## Exercise requirements
Copy the listing as it is written, and leave each picture out.

═══

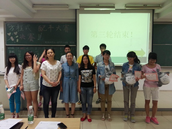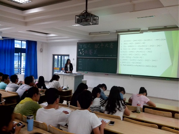 2014年6月5日晚,集知识性、趣味性于一体的“化学方程式配平大赛”决赛在教三402室成功举办。出席此次决赛的嘉宾有材料院分团委书记乔祖琴老师,材料院教师薛伟和郑超老师,以及材料院各个社团主席。此次比赛由91网站 科协承办,旨在推广化学基础知识,提高学生团队合作能力,培养同学们的科学素养,使同学们在快乐中汲取知识,给全校对化学感兴趣的同学们一个展现自己的平台。
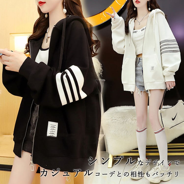 【送料無料】パーカー レディース スエット ジップパーカー 秋冬 トップス 無地 シンプル 長袖 フード 部屋着 ルームウェア おしゃれ可愛い カジュアル 秋服 秋 冬 春 前開き アウター トップス ゆったり ゆったり 大きいサイズ ママ ブラック ホワイト | THE TNK-SHOP
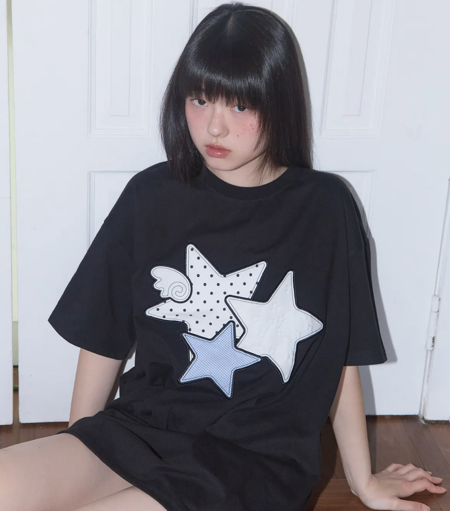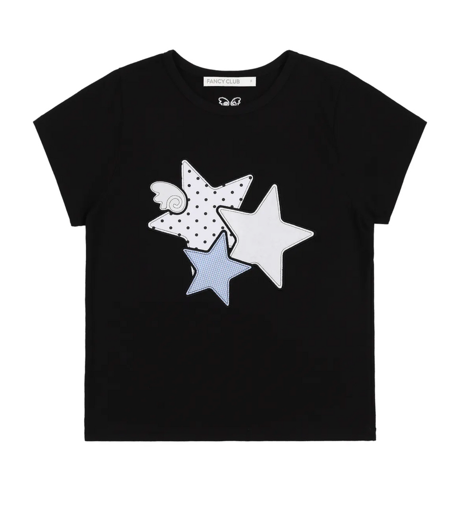 [FANCY CLUB] Mix Star Angel Patch Tee (Black)
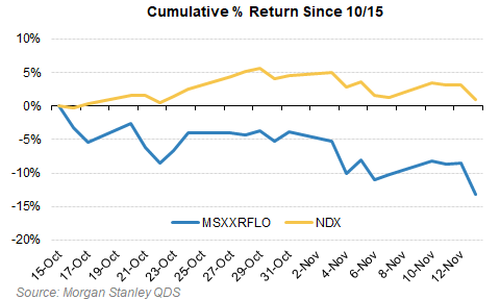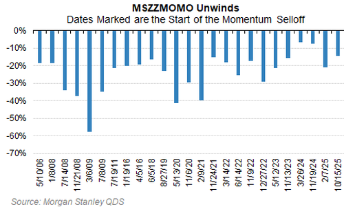 根据摩根士丹利的报告,自10月15日触顶以来,由多空策略构成的动量指数已下跌超过14%。![]()
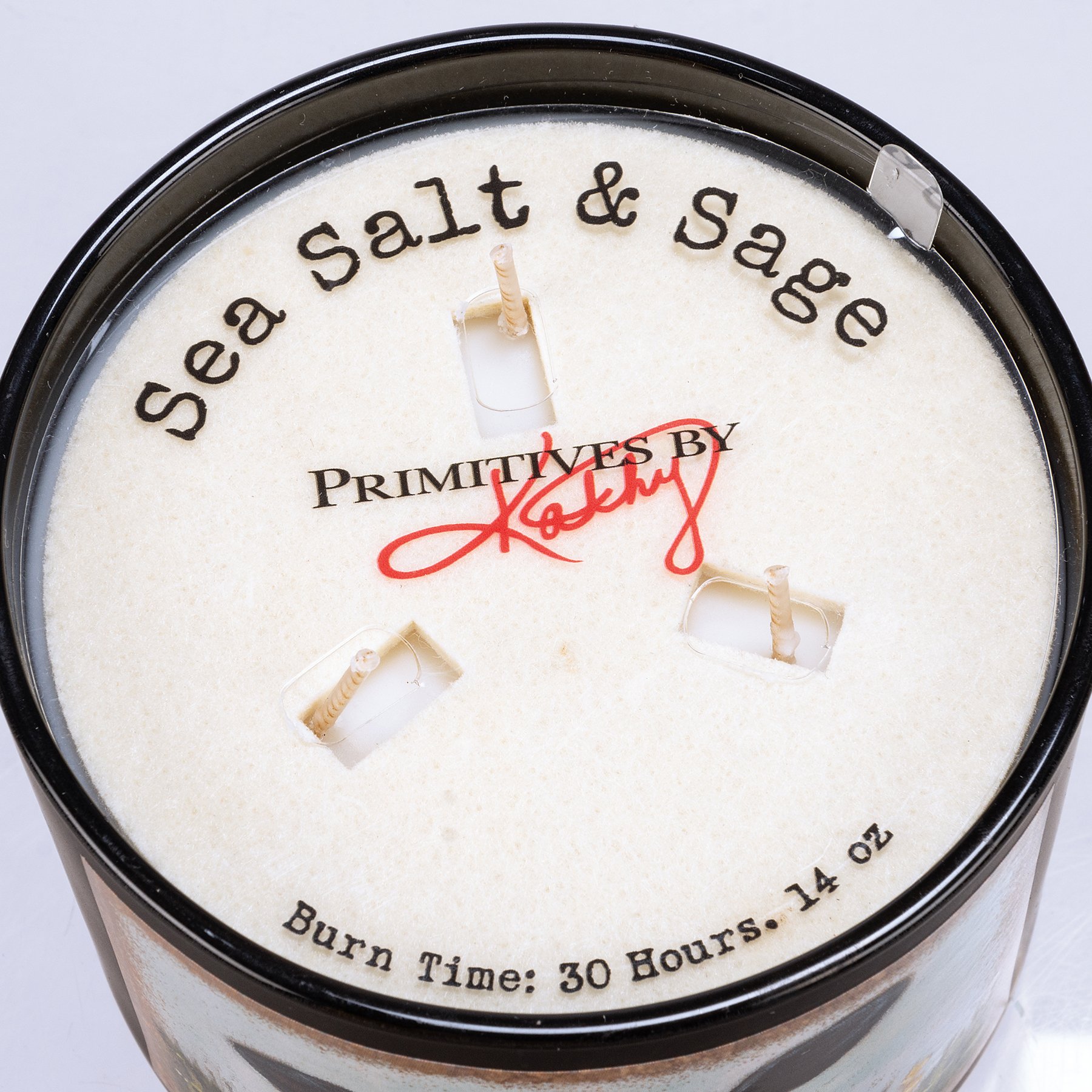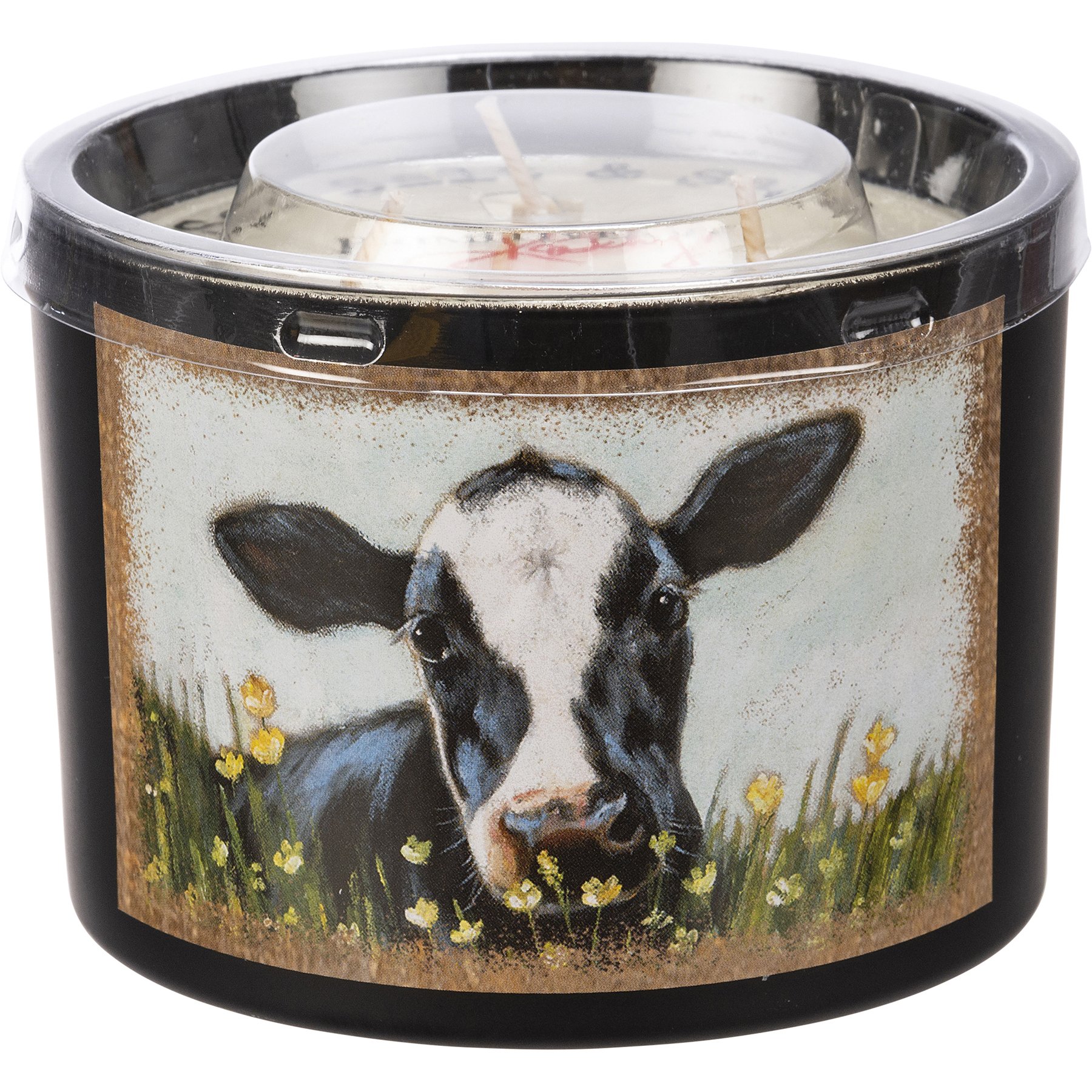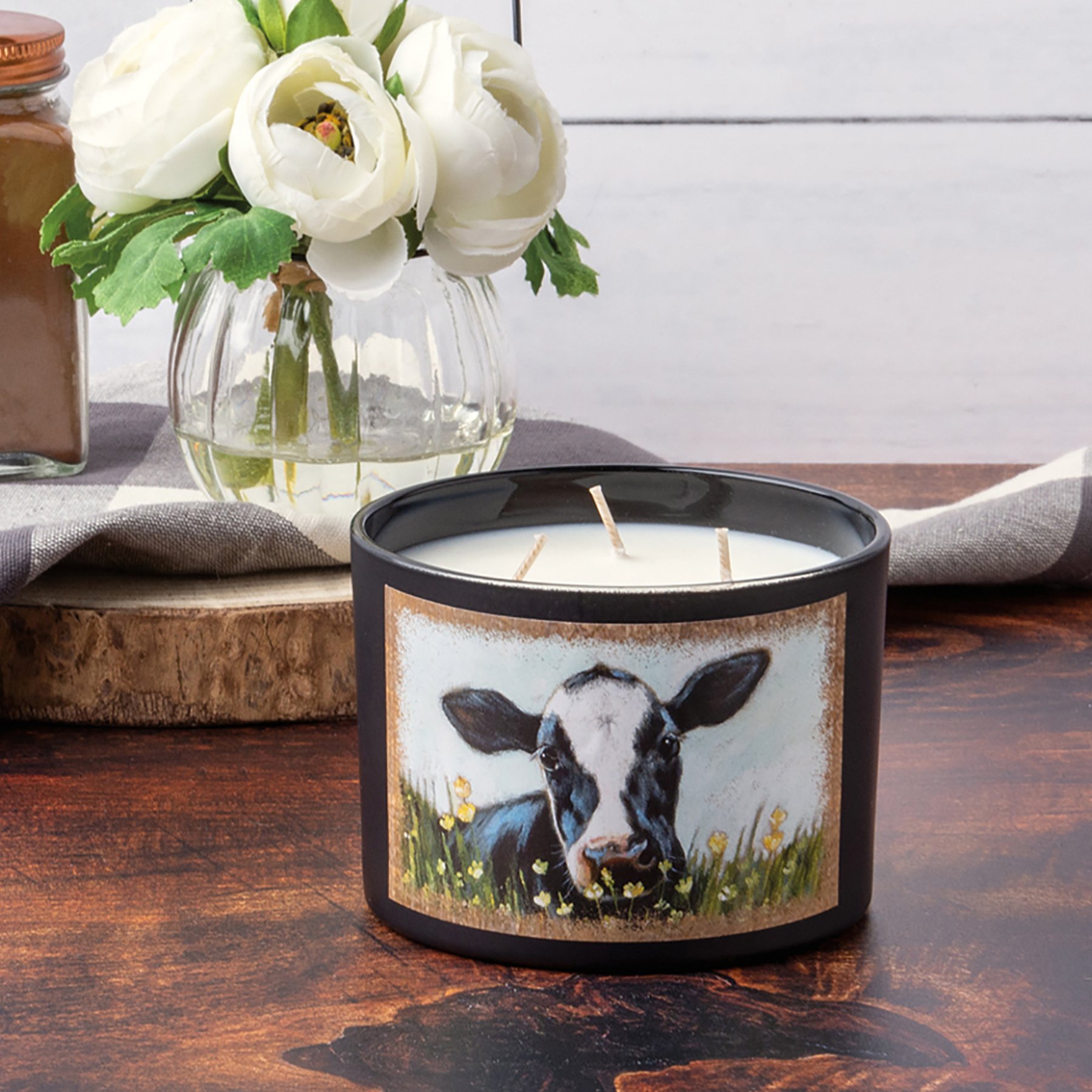 A matte black glass vessel from our Farmhouse Collection holds this soy-based wax candle which features a refreshing sea salt & sage scent and double-sided design of a cow in a field of buttercups. Design is replicated from original artwork painted onto burlap canvas, giving the art a unique depth and texture. Our Cow in Buttercups candle contains three cotton wicks for a total of 30 hours of burn time. Includes a plastic wax cover for protection and a polished look.

═══

## Written solution
 2014年6月5日晚,集知识性、趣味性于一体的“化学方程式配平大赛”决赛在教三402室成功举办。出席此次决赛的嘉宾有材料院分团委书记乔祖琴老师,材料院教师薛伟和郑超老师,以及材料院各个社团主席。此次比赛由91网站 科协承办,旨在推广化学基础知识,提高学生团队合作能力,培养同学们的科学素养,使同学们在快乐中汲取知识,给全校对化学感兴趣的同学们一个展现自己的平台。
 【送料無料】パーカー レディース スエット ジップパーカー 秋冬 トップス 無地 シンプル 長袖 フード 部屋着 ルームウェア おしゃれ可愛い カジュアル 秋服 秋 冬 春 前開き アウター トップス ゆったり ゆったり 大きいサイズ ママ ブラック ホワイト | THE TNK-SHOP
 [FANCY CLUB] Mix Star Angel Patch Tee (Black)
 根据摩根士丹利的报告,自10月15日触顶以来,由多空策略构成的动量指数已下跌超过14%。![]()
 A matte black glass vessel from our Farmhouse Collection holds this soy-based wax candle which features a refreshing sea salt & sage scent and double-sided design of a cow in a field of buttercups. Design is replicated from original artwork painted onto burlap canvas, giving the art a unique depth and texture. Our Cow in Buttercups candle contains three cotton wicks for a total of 30 hours of burn time. Includes a plastic wax cover for protection and a polished look.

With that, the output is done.